Tired vs. hungry - Nourish plant-based living

Tired vs. hungry

Dr Helena Popovic unpacks the science of snooze and how it can help you beat the munchies and save your waistline.

Are you getting adequate, good quality sleep every night? If not, your snooze pattern could be contributing to weight-related woes. A lack of sleep sets off a number of biological responses in the body that can compromise your healthy eating goals and undermine your motivation:

  1. When we lack sleep, we produce more cortisol (the stress hormone), which stimulates hunger and drives the body to lay down visceral adipose tissue, i.e. the kind of fat that accumulates around your organs and can cause serious health problems if there’s too much off it.
  2. We produce less leptin (the satiety hormone made in fat cells), which leads to feeling hungrier and craving high-fat and high-sugar foods throughout the day. It also means we don’t feel as satisfied after we’ve eaten.
  3. We produce more ghrelin (the appetite-stimulating hormone made in the gastrointestinal tract), which makes us feel hungry all day long. Men produce more ghrelin in response to sleep deprivation than women. Research at the University of Chicago, published in Annals of Internal Medicine 2004, found that male volunteers who slept four hours a night for two consecutive nights had a 28 per cent increase in ghrelin and an 18 per cent reduction in leptin. This translated into feeling 24 per cent more hungry, eating more junk food and not feeling satisfied after meals.
  4. In contrast, when women are sleep deprived, they make less GLP1 (glucagonlike peptide1), a gut hormone that acts on the brain to induce satiety and reduce the desire for food – therefore, less sleep means greater hunger.
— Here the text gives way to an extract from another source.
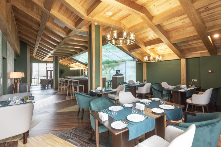 Расположенный на втором этаже отеля ресторан, отличается комфортностью и многофункциональностью. Для гостей доступны, как и внутреннее пространство, так и терраса с панорамным видом.

If that wasn’t enough, we also feel sluggish, tend to be more moody and have less energy to exercise – and often that means we feel we need food to prop us up and boost our energy levels. We have measurably less willpower and less self-compassion and we are more vulnerable to emotional eating and less able to eat mindfully. Food actually appears more tempting because, after sleeplessness, the brain’s sensitivity to the pleasure-inducing properties of food is heightened. We are also more likely to want to eat in response to seeing images of food.

Getting enough zzz’s

Everyone is different in their sleep requirements at various stages throughout their lives. Most people need seven to nine hours. Only three per cent of the population have the ‘short sleep gene’ that allows them to get away with under five hours a night. Many people think they can function adequately on less than seven hours but, when they are tested, the results paint a very different picture. Conversely, consistently sleeping more than nine hours a night is also associated with an increased risk of obesity, diabetes, heart disease, cancer and headaches. Scientists are still trying to unravel why this is the case. This does not apply if you are unwell and require extra sleep to recover from an illness.

Snooze foods, and what to avoid

  • Avoid caffeine, nicotine and alcohol at least four to six hours before going to bed. Certain food additives, colourings, flavourings and MSG can also act as stimulants and contribute to feeling wired and unable to get to sleep.
  • Foods containing tyrosine, tyramine (the breakdown product of tyrosine) and glutamate all increase alertness and can also interfere with sleep. Foods containing these three amino acids are best avoided in the evening.
  • Conversely, foods that are high in tryptophan, such as almonds, hazelnuts, bananas, oatmeal, mushrooms and leafy green vegetables are natural sleep promoters. Including one or several of these foods at dinner time may be helpful. Tryptophan is the amino acid from which melatonin is produced. Melatonin is the hormone that induces sleep. Melatonin follows a circadian rhythm and is released in the brain in response to darkness.